Stendendo un velo sui presenti che, probabilmente, forse, avevano tutto il “diritto” di essere presenti, mancavano ad esempio il Presidente del Circolo Unione, sodalizio consacrato dallo scrittore nelle Parrocchie di Regalpetra ed i rappresentanti degli altri circoli; il direttore del nostro giornale che, sin dal suo primo numero, ha ospitato la firma dello scrittore; mancavano i rappresentanti e le rappresentanti di quelle associazioni che – spesso – il Comune coinvolge per la buona riuscita delle più svariate iniziative per la loro indubbia capacità organizzativa, come ad esempio l’Arci, e le tante altre associazioni del territorio; mancavano il rappresentante della nuova associazione che riunisce gli operatori dell’accoglienza e della ristorazione e il rappresentante di “CasaSciascia”, Pippo Di Falco, che, con un atto di grande generosità, ha acquistato e reso fruibile la casa in cui lo scrittore ha vissuto, prima da adolescente e poi da adulto, con la sua famiglia dal 1923 al 1958 – come ricorda la figlia Anna Maria in un delizioso libretto dal titolo Tra Racalmuto e Caltanissetta -. Non c’erano nemmeno gli ex sindaci che hanno amministrato Racalmuto.
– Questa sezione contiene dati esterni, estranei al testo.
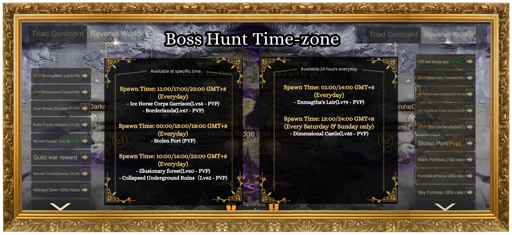 Spawn Time: 13:00/24:00 GMT+8 (Every Saturday & Sunday only)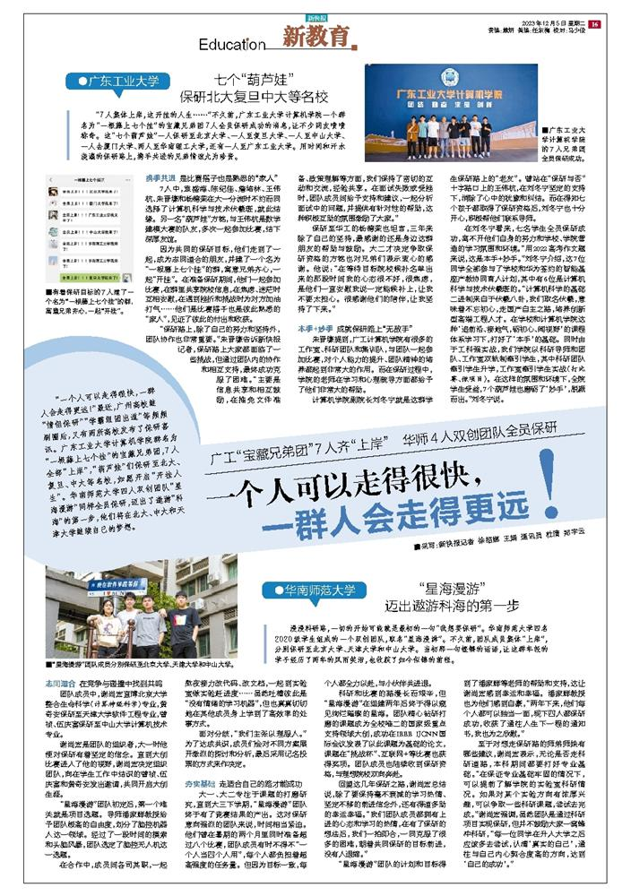 “一个人可以走得很快,一群人会走得更远!”最近,广州高校继“情侣保研”“学霸组团出道”等频频刷圈后,又有两所高校发布了保研喜讯。8xbet网计算机学院群名为“一根藤上七个挂”的宝藏兄弟团,7人全部“上岸”,“葫芦娃”们保研至北大、复旦、中大等名校,如愿开启“开挂人生”。华南师范大学四人双创团队“星海漫游”同样全员保研,迈出了遨游“科海”的第一步,他们将在北大、中大和天津大学继续自己的梦想。
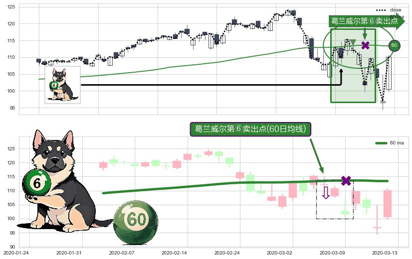 形态多维评估: ⚀ 2020-03-05-日显现 葛兰威尔均线 60日均线 第⑥卖出点 走势反转见顶信号,后市看跌,卖出信号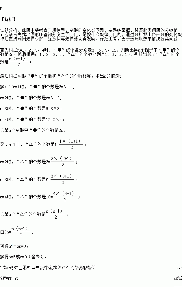 (3分)观察下列图形规律:当n= 时,图形“●”的个数和“△”的个数相等.
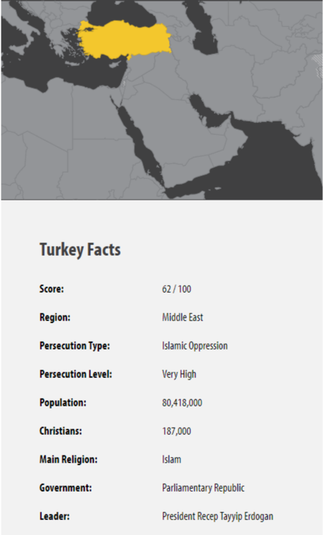 În Turcia, un amestec de religie islamică şi naţionalism radical reprezintă principalul factor de persecuţie a creştinilor. Dacă eşti turc este de aşteptat să fii musulman, iar aceasta concepție este intens promovată de autorităţi în efortul lor de a-şi consolida puterea. Turcia a trecut printr-o tentativă de lovitură de stat în iulie 2016, iar preşedintele Erdogan a folosit instabilitatea politică în avantajul său, încercând să unească turcii sub principiile islamului sunit. Minorităţile religioase nu au loc în societatea turcă, iar persecuţia creştinilor este o realitate. Convertiţii la creştinism întâmpină mari dificultăţi, în primul rând din partea propriilor familii, pentru că sunt consideraţi trădători ai islamului şi ai identităţii naţionale turce.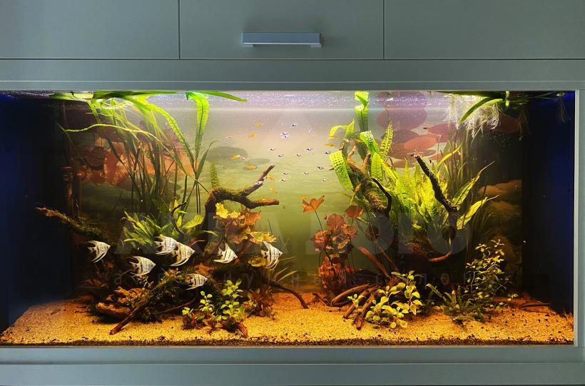 Это оформление стало обновлением дизайна аквариума спустя 5 лет. Художественная композиция из коряг и живых растений создала новое настроение, для динамики добавили стайных рыбок. В аквариуме появились тетры аманда, расборы и скалярии.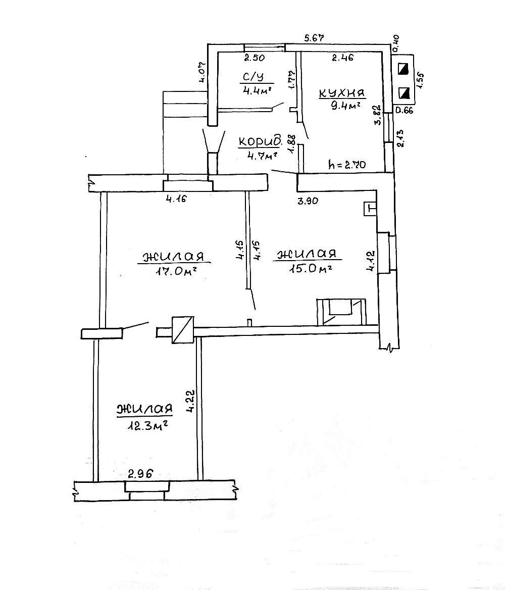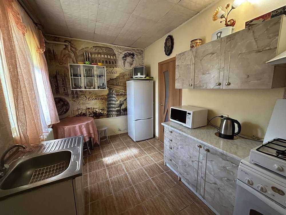 Общая площадь квартиры 62,8 кв. м, жилая-44,3 кв.м. В доме 3 комнаты (15.0 кв.м; 17.0 кв.м; 12.3 кв.м); кухня-9.4 кв.м. Центральное газовое отопление. Высота помещений-2,94м. Просторный совмещённый санузел -4,4 кв.м.(с душевой). Коридор со встроенным шкафом-4,7 кв.м. Прочный фундамент даёт возможность постройки 2го этажа. Дом оштукатурен. Крыша-шифер. Забор из сетки-рабицы и дерева. К дому прилегает земельный участок. Непосредственно за квартирой закреплён участок размером 0,0351га. Имеется гараж (металлический) и хозпостройка. Есть место для небольшого огорода или зоны барбекю. Произрастают вишни, виноград, смородина. К продаваемой квартире возможно подъехать на личном транспорте.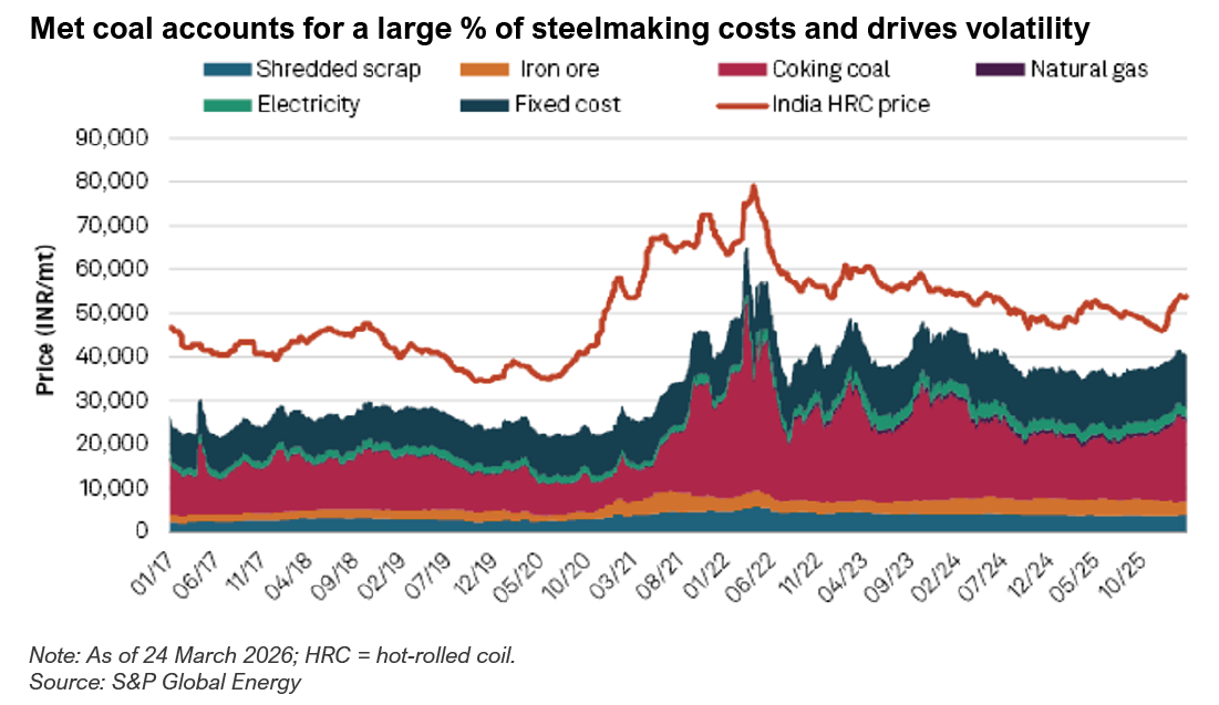 Para los productores, lo importante es el coste final entregado. S&P Global indica que los costes de transporte han aumentado notablemente, elevando el coste del carbón y del mineral de hierro, lo que ha llevado a subir los precios del acero en India.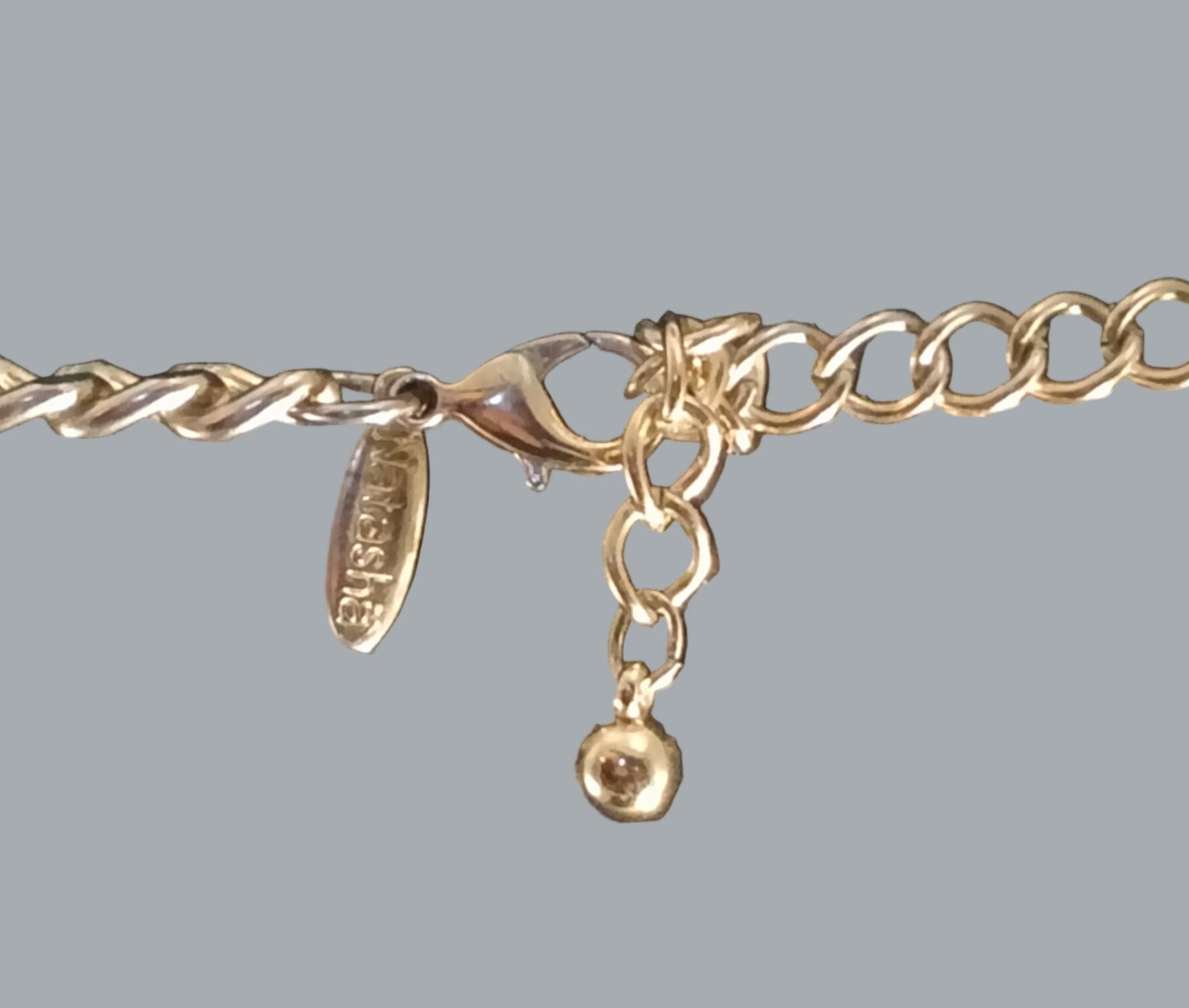 Chain: Adjustable gold-tone link chain (approx. 16–19.5")

E sicuramente ne dimentichiamo tante altre.

Forse anche nelle precedenti occasioni in cui autorevoli rappresentanti delle istituzioni hanno visitato Racalmuto, la Fondazione Sciascia, il teatro comunale, sono stati fatti degli errori, ma perseverare est diabolicum. Sembra quasi che i fatti culturali e le prossime iniziative per il centenario della nascita di Sciascia siano un fatto privato, per cui chi non è allineato con l’amministrazione comunale non ha diritto di rappresentanza.

Dimentica chi con la matita rossa ha cancellato quei nomi che Leonardo Sciascia, a Racalmuto e non solo, è patrimonio di tutti; che un mandato amministrativo dura appena cinque anni e che la storia, la microstoria di questo nostro “straordinario” paese, ha sempre avuto la capacità di tramandare ai posteri gli uomini di “tenace concetto”, quelli che, di volta in volta, dalla seconda metà dell’Ottocento in poi, hanno avuto la capacità di guardare oltre il proprio naso, i propri interessi e le successive elezioni.